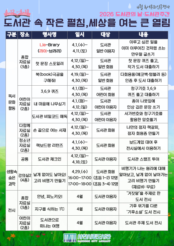 »çõ½Ã¸³µµ¼°üÀº 4¿ù µµ¼°üÀÇ ³¯ ¹× µµ¼°ü ÁÖ°£À» ¸Â¾Æ µµ¼°üÀ» º¸´Ù Ä£¼÷ÇÏ°Ô ÀÌ¿ëÇϰí Ã¥°ú ÇÔ²²ÇÏ´Â Áñ°Å¿òÀ» ´À³¥ ¼ö ÀÖµµ·Ï `4¿ù µ¶¼¹®ÈÁøÈïÇà»ç`¸¦ ¿î¿µÇÑ´Ù.
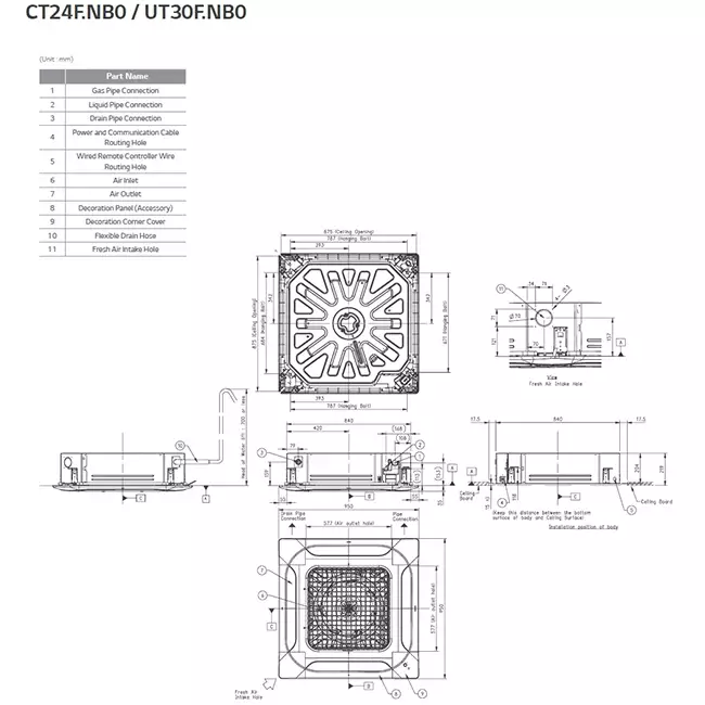 - Cassette ontwerp: De unit wordt discreet in het plafond geïntegreerd, wat zorgt voor een strak en ruimtebesparend design.
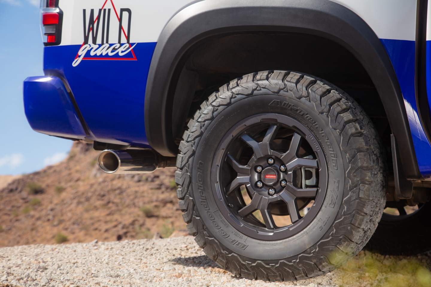 The list includes 17-inch NISMO off-road AXIS wheels, a NISMO performance exhaust system, a NISMO suspension kit, and a four-inch NISMO off-road lighting kit. Team Wild Grace's Frontier PRO-4X sits two inches higher off the ground and has a more aggressive exhaust sound than stock.
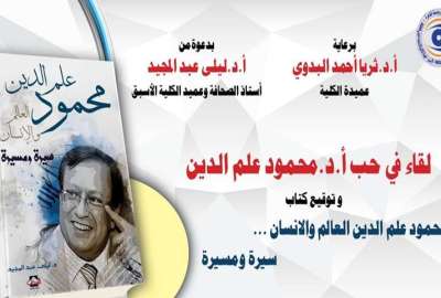 تنظم كلية الإعلام بجامعة القاهرة، برعاية الأستاذة الدكتورة ثريا البدوي، عميدة الكلية، لقاءً لتوقيع ومناقشة كتاب "محمود علم الدين.. العالم والإنسان.. سيرة ومسيرة"، تأليف الدكتورة ليلى عبد المجيد، عميدة الكلية الأسبق.
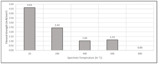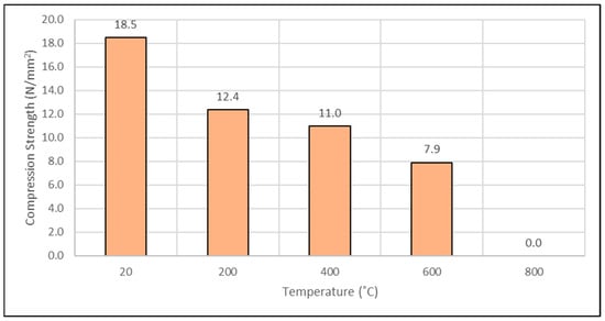 - The flexural strength lime-based mortar reduced to approximately 50% of the ambient value at 200 °C. Subsequently, from 200 °C onwards, there was a gradual decrease of approximately 30% until reaching 600 °C, resulting in zero as a final flexural strength due to total cracking at the 800 °C level. The compressive strength at 200 °C decreased to 80% of the compressive strength observed at ambient temperature. By the time it reached 600 °C, the compression strength had diminished to 5.09 N/mm2, representing 30% of the strength recorded at ambient temperature. However, above 600 °C, the specimens completely collapsed. Despite the decline in strength, the compressive strength at 600 °C (5.09 MPa) still retained considerable strength. Therefore, it can be inferred that this aligns with class M5, according to TBDY 2018 [], EN 1015-11 [], and EC6 [].
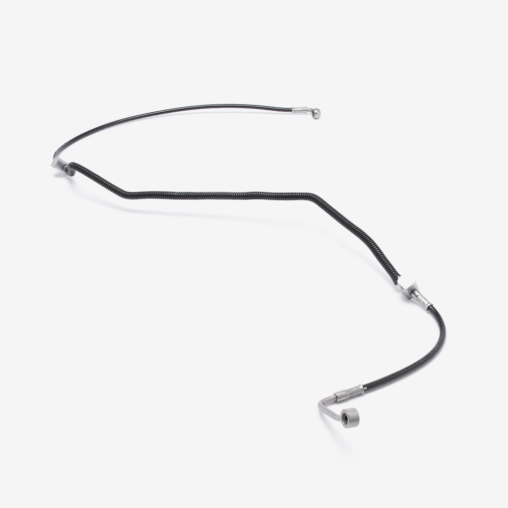 The hose's job is to carry brake fluid from the master cylinder to the caliper on the wheel.
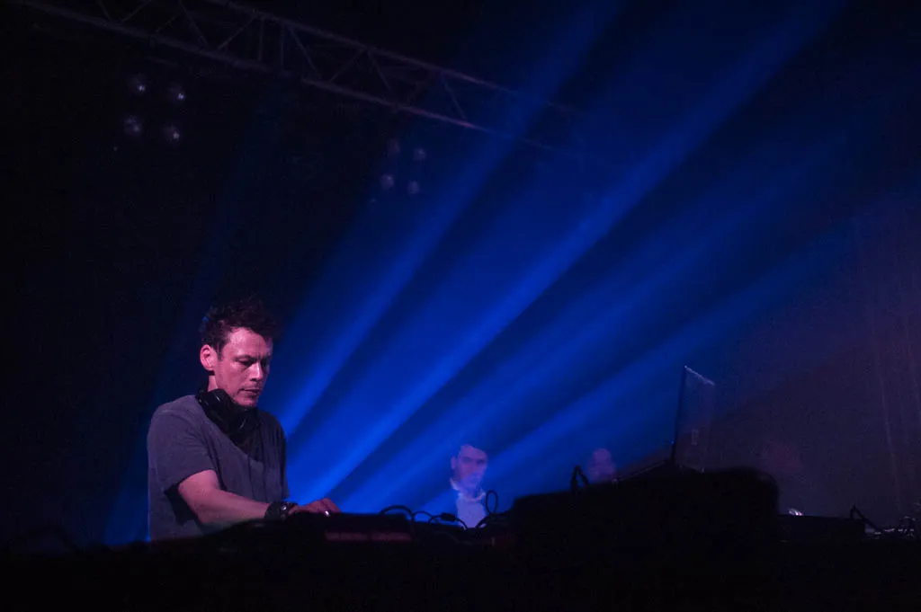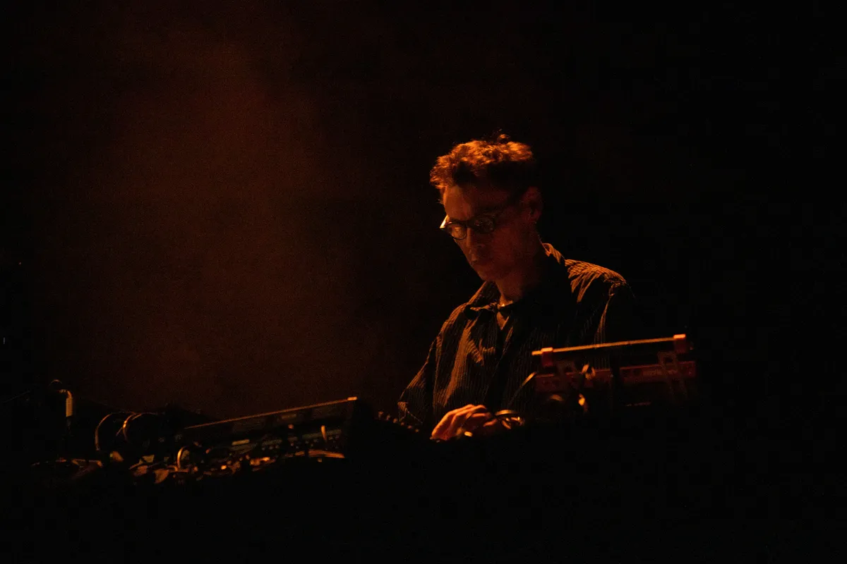 Een boel van zijn The 7th Plain-tracks zijn werkelijk magistraal. Je hoort het vanavond: dromerige, zwellende synths, die ingetogen, metaalachtige drumprogrammering. ‘I Think I Think Too Much’, met zijn krakende vocalsample, klinkt dan weer alsof het een radiosignaal oppikt vanuit de cockpit van een raket. Het roept een stroom aan associaties op: een raketlancering, een kosmische ruimtetrip. Toch is het lastig om daarin mee te gaan, vanwege die twee moderne dansers op het podium. Natuurlijk, muziek en dans kunnen elkaar versterken. Maar dat is nu niet geval. Die dansers zijn ontzettend goed, daar niet van. Maar ze blokkeren toch vooral het eigen voorstellingsvermogen.
^^^^
* What is required
Nothing but the lines above, starting at the line that contains "- Cassette ontwerp: De" and ending at the line that contains "تنظم كلية الإعلام", should be given again, exactly and without the pictures.

* Completed exercise
 - Cassette ontwerp: De unit wordt discreet in het plafond geïntegreerd, wat zorgt voor een strak en ruimtebesparend design.
 The list includes 17-inch NISMO off-road AXIS wheels, a NISMO performance exhaust system, a NISMO suspension kit, and a four-inch NISMO off-road lighting kit. Team Wild Grace's Frontier PRO-4X sits two inches higher off the ground and has a more aggressive exhaust sound than stock.
 تنظم كلية الإعلام بجامعة القاهرة، برعاية الأستاذة الدكتورة ثريا البدوي، عميدة الكلية، لقاءً لتوقيع ومناقشة كتاب "محمود علم الدين.. العالم والإنسان.. سيرة ومسيرة"، تأليف الدكتورة ليلى عبد المجيد، عميدة الكلية الأسبق.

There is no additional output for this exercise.